You can use Apache Commons IO, in particular the FileUtils class. That would give something like:
import java.io.File;
import java.util.Collection;
import org.apache.commons.io.*;
import org.apache.commons.io.filefilter.*;
public class SearchDocFiles {
public static String[] EXTENSIONS = { "doc", "docx" };
public Collection<File> searchFilesWithExtensions(final File directory, final String[] extensions) {
return FileUtils.listFiles(directory,
extensions,
true);
}
public Collection<File> searchFilesWithCaseInsensitiveExtensions(final File directory, final String[] extensions) {
IOFileFilter fileFilter = new SuffixFileFilter(extensions, IOCase.INSENSITIVE);
return FileUtils.listFiles(directory,
fileFilter,
DirectoryFileFilter.INSTANCE);
}
public static void main(String... args) {
// Case sensitive
Collection<File> documents = new SearchDocFiles().searchFilesWithExtensions(
new File("/tmp"),
SearchDocFiles.EXTENSIONS);
for (File document: documents) {
System.out.println(document.getName() + " - " + document.length());
}
// Case insensitive
Collection<File> caseInsensitiveDocs = new SearchDocFiles().searchFilesWithCaseInsensitiveExtensions(
new File("/tmp"),
SearchDocFiles.EXTENSIONS);
for (File document: caseInsensitiveDocs) {
System.out.println(document.getName() + " - " + document.length());
}
}
}
Check this method.
public void getFiles(String path) {
File dir = new File(path);
String[] children = dir.list();
if (children != null) {
for (int i = 0; i < children.length; i++) {
// Get filename of file or directory
String filename = children[i];
File file = new File(path + File.separator + filename);
if (!file.isDirectory()) {
if (file.getName().endsWith(".doc") || file.getName().endsWith(".docx")) {
System.out.println("File Name " + filename + "(" + file.length()+" bytes)");
}
} else {
getFiles(path + File.separator + filename);
}
}
}
}
If you want to find all the files with .doc(x) extensions, you can use java.io.File.list(FileFilter) method, say:
public java.util.List mswordFiles(java.io.File dir) {
java.util.List res = new java.util.ArrayList();
_mswordFiles(dir, res);
return res;
}
protected void _mswordFiles(java.io.File dir, java.util.List res) {
java.io.File [] files = dir.listFiles(new java.io.FileFilter() {
public boolean accept(java.io.File f) {
String name = f.getName().toLowerCase();
return !f.isDirectory() && (name.endsWith(".doc") || name.endsWith(".docx"));
}
});
for(java.io.File f:files) {res.add(f);}
java.io.File [] dirs = dir.listFiles(new java.io.FileFilter() {
public boolean accept(java.io.File f) {
return f.isDirectory();
}
});
for(java.io.File d:dirs) {_mswordFiles(d, res);}
}
I don't have enough reputation to comment so have to submit this as an 'answer':
#khachik You can ignoreCase or upper/lower case as you need. – Martijn Verburg Nov 10 '10 at 12:02
This took me a bit to figure out and finally found how to ignore case with this solution:
Add
public static final IOFileFilter filter = new SuffixFileFilter(EXTENSIONS, IOCase.INSENSITIVE);
Then modify searchFilesWithExtensions method to return FileUtils.listFiles(
directory, filter, DirectoryFileFilter.DIRECTORY );
You may want to look into extracting MSWord text using Apache POI and indexing them through Lucene (for accuracy, flexibility, and speed of searching). Nutch and Solr both have helper libraries for Lucene which you can use to speed things up (that is if Lucene core is not sufficient).

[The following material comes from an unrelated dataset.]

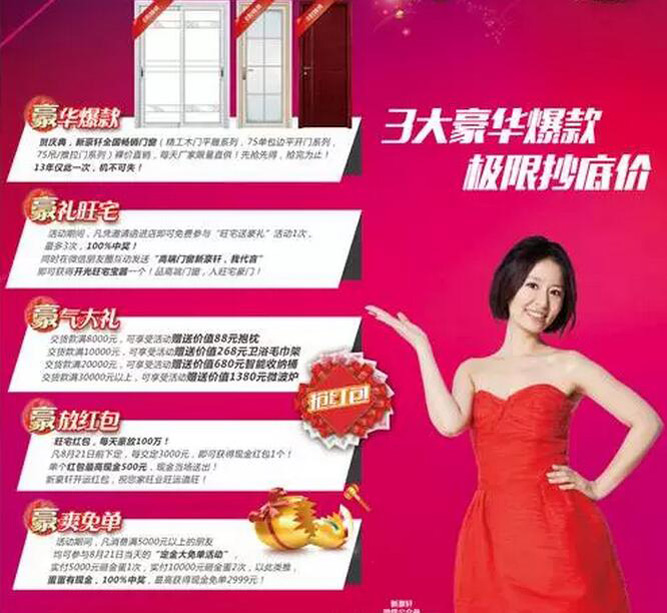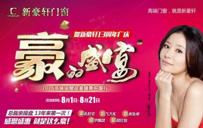 本次活动,公司将结合13年来最劲爆的价格和完美的产品配套组合方案,来感恩回馈广大消费者!更多惊喜,敬请广大消费者前往当地新豪轩门窗专卖店体验!
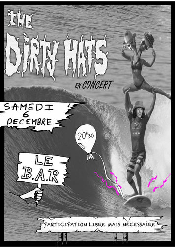 Concert exceptionnel des albigeois de The Dirty Hats à Le B.A.R à Albi plus d'1an après leur dernier show! Mélange explosif de surf punk pour un concert de folie!

[update] I have misunderstood the original question (before the update). You just need to search the filesystem using Java?? Java API can do that. Apache also has a library (Commons IO) that includes a file utility to list all files under a directory including its subdirectories given a filter. I've used it before, e.g. FileUtils.listFiles(dir, filefilter, dirfilter) or FileUtils.listFiles(dir, extensions[], recursive). Then do your search function from that list.